◆ **WHAT YOU WILL DO**
What is needed is the exact text of each line in the listing below from the one with "關(guān)鍵字:亞麻面料" up to and including the one with "Corfou ne peut", and no pictures.

◆ **THE RECORDS**
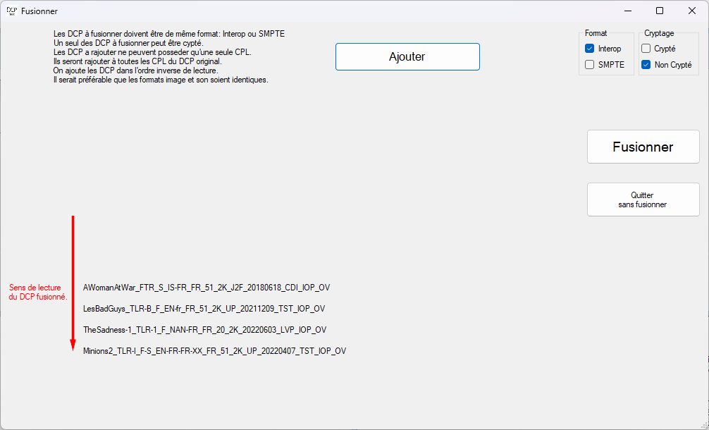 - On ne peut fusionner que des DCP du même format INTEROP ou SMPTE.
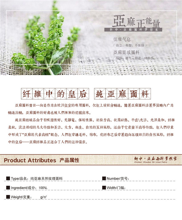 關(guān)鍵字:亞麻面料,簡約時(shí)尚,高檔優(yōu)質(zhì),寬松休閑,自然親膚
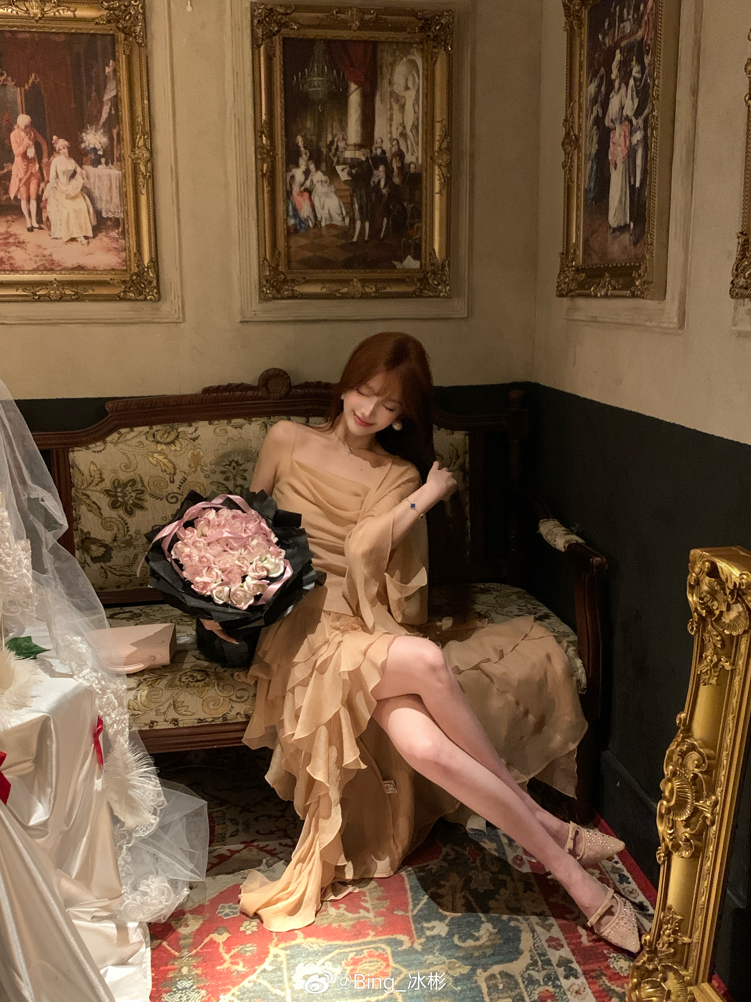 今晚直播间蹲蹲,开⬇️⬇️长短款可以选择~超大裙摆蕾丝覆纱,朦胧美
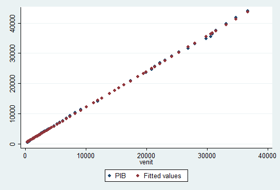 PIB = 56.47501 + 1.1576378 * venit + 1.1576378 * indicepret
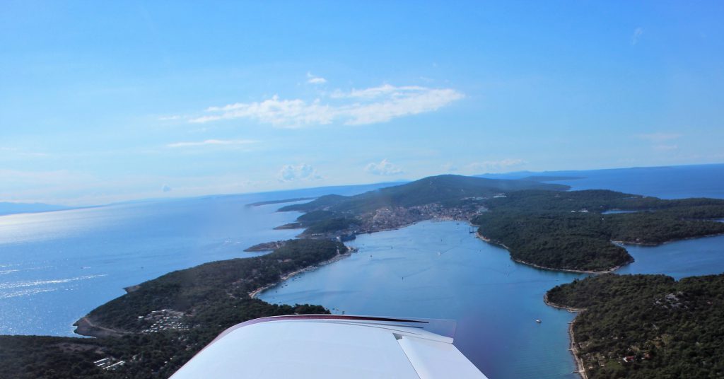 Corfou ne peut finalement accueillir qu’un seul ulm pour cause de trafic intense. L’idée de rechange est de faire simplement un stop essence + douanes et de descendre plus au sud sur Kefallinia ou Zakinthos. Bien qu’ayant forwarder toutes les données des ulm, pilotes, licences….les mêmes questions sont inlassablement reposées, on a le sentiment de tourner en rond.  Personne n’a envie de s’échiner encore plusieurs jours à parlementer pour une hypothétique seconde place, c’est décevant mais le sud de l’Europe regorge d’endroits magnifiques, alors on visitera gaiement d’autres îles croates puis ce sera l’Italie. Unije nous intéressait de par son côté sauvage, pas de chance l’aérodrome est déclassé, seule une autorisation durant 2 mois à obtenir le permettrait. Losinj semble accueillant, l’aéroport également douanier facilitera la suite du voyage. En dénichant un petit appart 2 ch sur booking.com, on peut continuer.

---

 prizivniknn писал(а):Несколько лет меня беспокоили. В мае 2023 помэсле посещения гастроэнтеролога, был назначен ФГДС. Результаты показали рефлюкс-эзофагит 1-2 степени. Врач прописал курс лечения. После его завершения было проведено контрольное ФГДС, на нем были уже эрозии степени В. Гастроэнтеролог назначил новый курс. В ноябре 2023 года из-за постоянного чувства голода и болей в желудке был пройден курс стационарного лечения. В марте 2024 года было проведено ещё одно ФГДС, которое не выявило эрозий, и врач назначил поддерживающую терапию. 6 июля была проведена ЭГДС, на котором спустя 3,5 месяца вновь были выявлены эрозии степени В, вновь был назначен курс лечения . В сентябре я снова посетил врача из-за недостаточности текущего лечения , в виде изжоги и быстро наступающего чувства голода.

◆ **WORKED SOLUTION**
 關(guān)鍵字:亞麻面料,簡約時(shí)尚,高檔優(yōu)質(zhì),寬松休閑,自然親膚
 今晚直播间蹲蹲,开⬇️⬇️长短款可以选择~超大裙摆蕾丝覆纱,朦胧美
 PIB = 56.47501 + 1.1576378 * venit + 1.1576378 * indicepret
 Corfou ne peut finalement accueillir qu’un seul ulm pour cause de trafic intense. L’idée de rechange est de faire simplement un stop essence + douanes et de descendre plus au sud sur Kefallinia ou Zakinthos. Bien qu’ayant forwarder toutes les données des ulm, pilotes, licences….les mêmes questions sont inlassablement reposées, on a le sentiment de tourner en rond.  Personne n’a envie de s’échiner encore plusieurs jours à parlementer pour une hypothétique seconde place, c’est décevant mais le sud de l’Europe regorge d’endroits magnifiques, alors on visitera gaiement d’autres îles croates puis ce sera l’Italie. Unije nous intéressait de par son côté sauvage, pas de chance l’aérodrome est déclassé, seule une autorisation durant 2 mois à obtenir le permettrait. Losinj semble accueillant, l’aéroport également douanier facilitera la suite du voyage. En dénichant un petit appart 2 ch sur booking.com, on peut continuer.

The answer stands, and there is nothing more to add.